3. --control-perturbation-name [CONTROL_PERTURBATION_NAME] specifies the perturbation name corresponding to a control guide. The name must be present in the row names of the input perturbation matrix. If multiple rows correspond to control guides, then their names can be provided as a list separated by commas, e.g. ctrl_pert1,ctrl_pert2,ctrl_pert3.

4. --out [OUT] specifies the output file prefix, including the directory. The output name will be the prefix with _LFCs.txt appended to it.

Optional input

5. --covariates [COVARIATES] specifies a comma-separated list of covariate names to regress out of the expression matrix, e.g. cov_1,cov_2,cov_3. These names must be present in the column names of the obs variable in the h5ad file.

6. --compute-pval specifies whether or not to compute p-values for all effect sizes by permutation testing.

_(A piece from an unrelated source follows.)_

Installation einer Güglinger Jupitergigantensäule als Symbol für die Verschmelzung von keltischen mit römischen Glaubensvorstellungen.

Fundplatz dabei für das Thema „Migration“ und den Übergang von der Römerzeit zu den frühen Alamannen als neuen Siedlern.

7. --fit-zero-pval specifies whether or not to fit a skew-normal distribution the null distribution of effect sizes with p=0 from permutation testing. We recommend setting this flag as it allows for p-values below 1/num_perms, though it substantially increases compute time.

8. --multithreaded specifies whether or not use multithreading when fitting skew-normal distributions (can substantially reduce compute time).

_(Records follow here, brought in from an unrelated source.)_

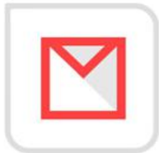
通过账号和邮箱 重置密码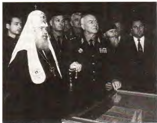
Святейший Патриарх Алексий в сопровождении начальника Академии Генерального штаба генерал-полковника И. Н. Родионова, военных и духовенства осматривает музей Академии

Но не только данью исторической памяти и восстановлению связи поколений стала первая служба Божия в стенах Академии Генштаба для солдат, офицеров и генералов, многие из которых находятся в самом начале пути к вере. Литургия в этот день была в буквальном смысле слова «общим делом»: Господь, по молитвам святого Архистратига Михаила, зримо осенял благодатью присут-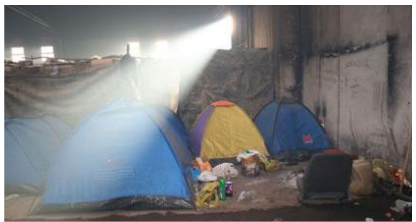
Dormitorio degli immigrati a Rosarno

Massimo Numa su La Stampa | 9 gennaio 2010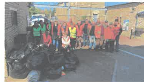
Opération « Hauts-de-France propres »

9. --num-perms [NUM_PERMS] specifies the number of permutations to perform for permutation testing (default 10,000; 500 if --fit-zero-pval is set).

10. --rank [RANK] specifies a hyperparameter determining the rank of the matrix during the factorize step (default 20).

11. --lambda1 [LAMBDA1] specifies a hyperparameter determining the sparsity of the left factor matrix during the factorize step; higher numbers = more sparse. Default 0.1.

12. --lambda2 [LAMBDA2] specifies a hyperparameter determining the sparsity of the effect sizes on latent factors during the recovery step; higher numbers = more sparse. Default 10.

13. --guide-pooled specifies whether to run the version of FR-Perturb that assumes data is generated from guide pooling.

14. --cell-pooled specifies whether to run the version of FR-Perturb that assumes data is generated from cell pooling.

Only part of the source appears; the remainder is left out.